TASK TO CARRY OUT - Please write out exactly the line containing "本系讯(通讯员:王珊珊)20" below and every line after it, through the last one, but leave out any pictures.

DATA SHOWN -

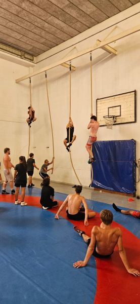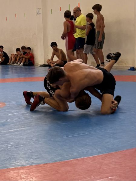 Die Kampfmannschaft setzte ebenfalls auf Athletikeinheiten auf dem Feriengelände, absolvierte jedoch auch viele intensive Mattentrainings in Ravenna. Hierzu durften wir erneut die Trainingshalle des C.S.R.C. Portuali Ravenna nutzen. Darüber hinaus nahmen zahlreiche italienische Sportler unter der Leitung von Trainer Carlos Shartos teil, wodurch uns eine Vielzahl an sehr guten Trainingspartnern zur Verfügung stand. Während Chefcoach Michael Häusle das Freistiltraining leitete, übernahm unser sportlicher Leiter Matthias Kathan das griechisch-römische Training. Zur optimalen Vorbereitung auf die Bundesligasaison standen zahlreiche Trainingskämpfe mit wechselnden Partnern auf dem Programm. Das Trainerteam war mit der Mannschaft sehr zufrieden und hob besonders die Leistungen der jungen Sportler hervor, die trotz der hohen Intensität mit vollem Einsatz dabei waren.
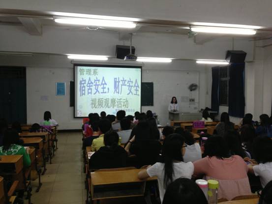 本系讯(通讯员:王珊珊)2014年4月10号晚8:00,由管理系宿舍委员会主办的“宿舍安全.财产安全”视频观摩活动在四栋101教室成功举办。出席本次活动的嘉宾有学保部保卫科科长杨志亮,学生公寓中心主任莫永坚,管理系党总支书记杨晓文,管理系办公室主任钟清恒,管理系团总支书记钟劲,管理系办公室辅导员陈玲娟,崔运玲,林成园,秦文飞,王翔,张方超。与会人员还有各班级学生代表。
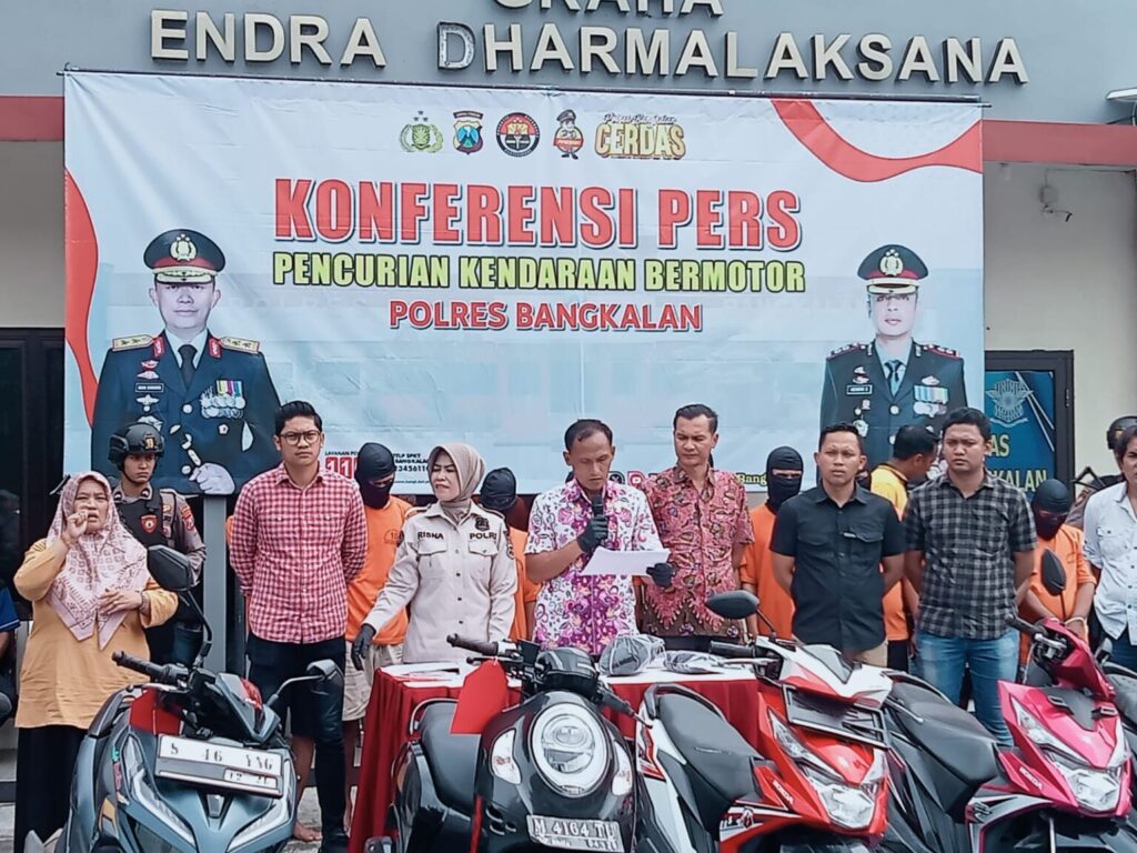 Dari hasil ungkap kasus curanmor itu Polres Bangkalan mengamankan 9 tersangka terdiri dari 8 tersangka berada di wilayah hukumnya dan 1 di Surabaya serta 10 barang bukti berupa kendaraan roda dua diamankan.

WRITTEN REPLY -
 本系讯(通讯员:王珊珊)2014年4月10号晚8:00,由管理系宿舍委员会主办的“宿舍安全.财产安全”视频观摩活动在四栋101教室成功举办。出席本次活动的嘉宾有学保部保卫科科长杨志亮,学生公寓中心主任莫永坚,管理系党总支书记杨晓文,管理系办公室主任钟清恒,管理系团总支书记钟劲,管理系办公室辅导员陈玲娟,崔运玲,林成园,秦文飞,王翔,张方超。与会人员还有各班级学生代表。
 Dari hasil ungkap kasus curanmor itu Polres Bangkalan mengamankan 9 tersangka terdiri dari 8 tersangka berada di wilayah hukumnya dan 1 di Surabaya serta 10 barang bukti berupa kendaraan roda dua diamankan.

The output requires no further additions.